We have this now in my market. Same builder, same model house, same everything but location. One is selling around $275,000 and the other around $380,000 for identical products. Site value differences are NOT $105,000 and it is the market conditions and the cost of regulations between the areas, among probably some other things, but it is mainly what the market will pay. For example, lots in the $275,000 sub can be bought for $20,000 or so, and in the higher sub, around $60,000 or so. I don't get it. I would prefer the cheaper location all day long, but I am cheap.
 
A 275k house and a 380k house are not comps for each other. The price difference is so steep that they are 2 different buyer sets and therefore the houses even if same size by same builder are not substitutes for a buyer. The 275k buyer is priced out of a 385k area and a 385k buyer does not want to live in the cheaper area, even though they can well afford to. .

A location adjustment should be fairly easy to find, good suggestions here of various methods. An appraiser who does in the same areas/subdivisions year in year out accumulates a working knowledge of which areas sell for more /less, and which are suitable to pull comps from.

At the end of the day, an area commands for location what the market will pay. A more expensive area has something that buyers value and are willing to pay for ...(whatever that something is).
 
A 275k house and a 380k house are not comps for each other. The price difference is so steep that they are 2 different buyer sets and therefore the houses even if same size by same builder are not substitutes for a buyer. The 275k buyer is priced out of a 385k area and a 385k buyer does not want to live in the cheaper area, even though they can well afford to. .

A location adjustment should be fairly easy to find, good suggestions here of various methods. An appraiser who does in the same areas/subdivisions year in year out accumulates a working knowledge of which areas sell for more /less, and which are suitable to pull comps from.

At the end of the day, an area commands for location what the market will pay. A more expensive area has something that buyers value and are willing to pay for ...(whatever that something is).

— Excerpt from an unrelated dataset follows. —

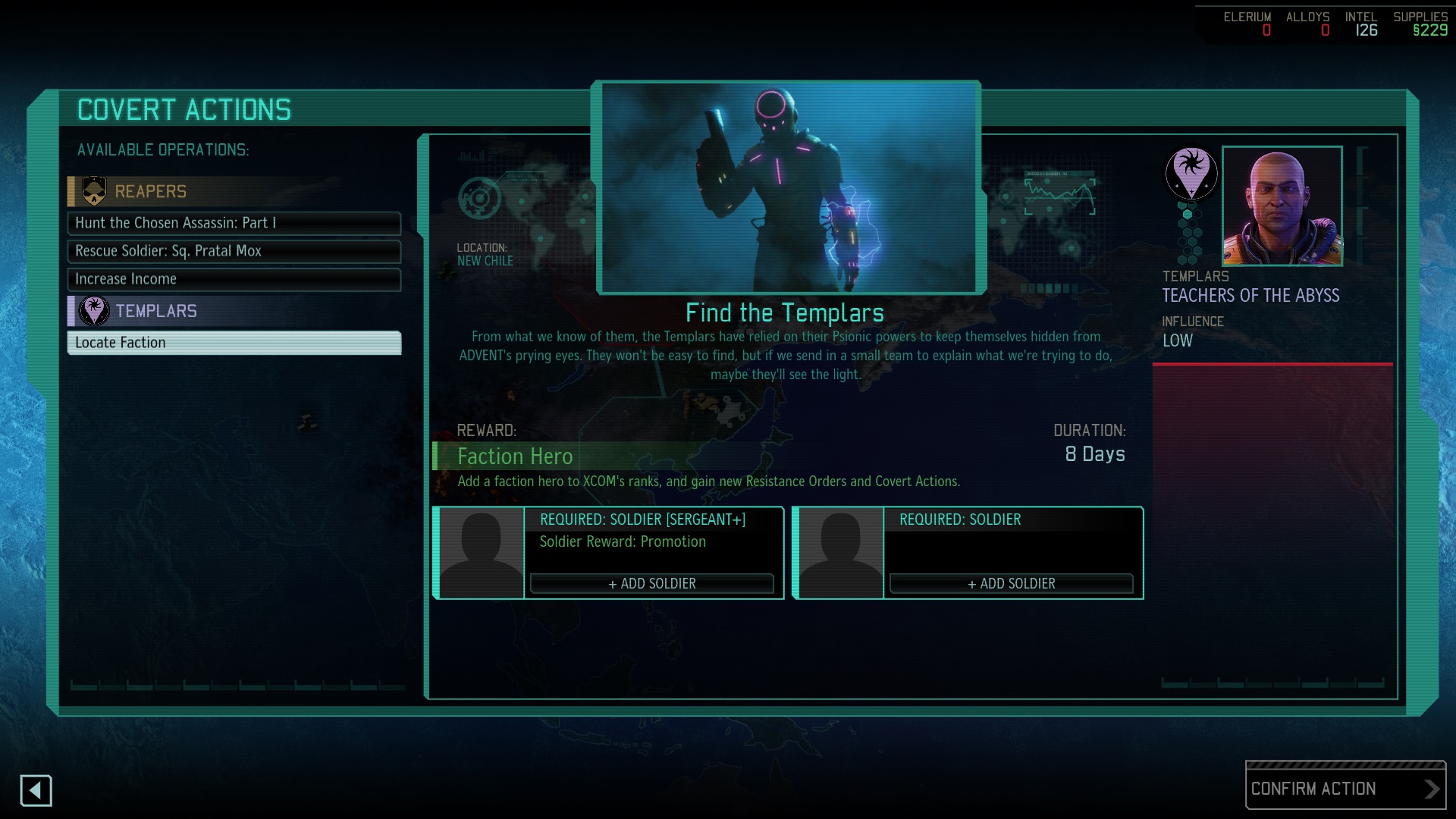 TIP: Each faction provides a different bonus in the strategy layer. Finding and unlocking a faction HQ gives additional intel (Reapers), heals your soldiers faster (Templars), or causes builds to complete faster (Skirmishers).

They are two counties away. Just saying they are the same builder and same product, and that cost and land values do not always equate to price in the same way. Over and over and over again I will push grouped data for location adjustments.
 
They are two counties away. Just saying they are the same builder and same product, and that cost and land values do not always equate to price in the same way. Over and over and over again I will push grouped data for location adjustments.

I know you know what you are doing and i wouldn't question anybody that developed the adjustment with grouped sales. Personally, I think I would rather do paired sales than grouped sales. With paired sales, if everything else is equal (including market conditions), the difference would be site value. I am just surprised that a lot of people are dismissing difference in site value because everything else equal, that's what the location difference is. Sales comparison approach and the cost approach should tell a similar story and I don't know how we can dismiss difference in site values when cost approach is site value + contributory value of improvements.